The nitrogen connected to the seal using 1/2" SS tubing. A few inches away, on the side of the case, there was another piece of 1/2" tubing that was in impulse line to a panel mounted instrument that read process pressure. After an overhaul of the compressor, the mechanic reversed the two pieces of tubing. The area between the two seals was connected to the pressure gauge on the panel and the nitrogen was dumping into the case connection. After some time in service, they started leaking process gas out along the shaft. Both seals had failed catastrophically because there was no nitrogen flowing to the seal. The stationary seal face shattered and pieces of tungsten carbide dropped down onto the shaft and machined through the seal sleeve and about 1/4" deep into the shaft before we got the machine shut down.

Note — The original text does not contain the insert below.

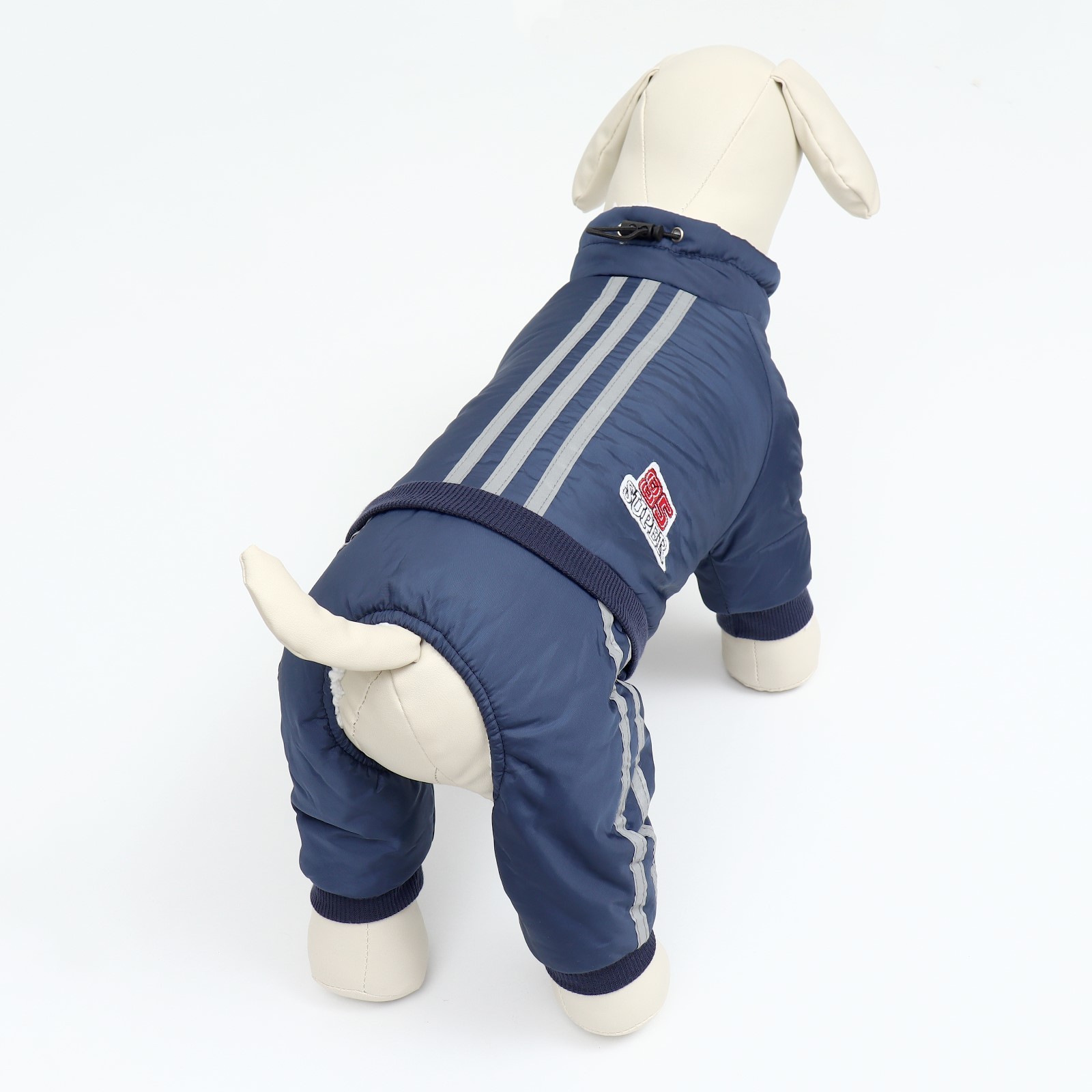 Комбинезон «спорт» с светоотрожающими полосами, размер xl (дс 40, ог 50, ош 40 см), тёмно-си. Комбинезон Спорт для собак - идеальный выбор для активных питомцев и любителей спортивных прогулок. Он выполнен из высококачественной болоньи, которая обеспечивает комфорт и защиту от холода, дождя и ветра. Светоотражающие полосы на спине и ножках комбинезона гарантируют хорошую видимость питомца в условиях низкой освещенности, что повышает безопасность питомца. Наличие манжетов на ножках позволяет защитить лапы животного от дождя и грязи, а меховой подклад внутри комбеза обеспечивает тепло и комфорт в любых погодных условиях. Комбинезон легко надевается на питомца , благодаря застежкам на кнопках. Резинка на воротнике позволяет затянуть комбинезон для лучшей посадки и защиты шеи питомца от холода и ветра. Цвет:Синий|Сезон:Зима|Сезон:Демисезон|Вид застёжки:Кнопка|Длина спинки, см:40|Обхват шеи, см:40|Обхват груди, см:50|Пол:Самка|Пол:Самец|С подкладкой:Да|Вид застёжки:Кнопка|Страна:Китай  развернуть описание ▼

At any other similar installation, we would have instruments to control the nitrogen buffer gas to a certain differential pressure above process pressure. We would monitor the buffer gas flow rate, as well. As long as nitrogen DP was maintained it should be impossible for process gas to leak directly to atmosphere past both seals. I don't believe we would trip the compressor off on loss of buffer gas DP. But we would definitely alarm and take immediate action to restore buffer gas flow or shut the unit down.
So, from a HazOp standpoint, I don't believe a double dry gas seal properly instrumented for differential pressure and buffer gas flow rate should ever fail catastrophically enough to blow process gas directly to atmosphere past both seals. From a HazAn, LOPA standpoint, this should be in the category of 1/100 years or less.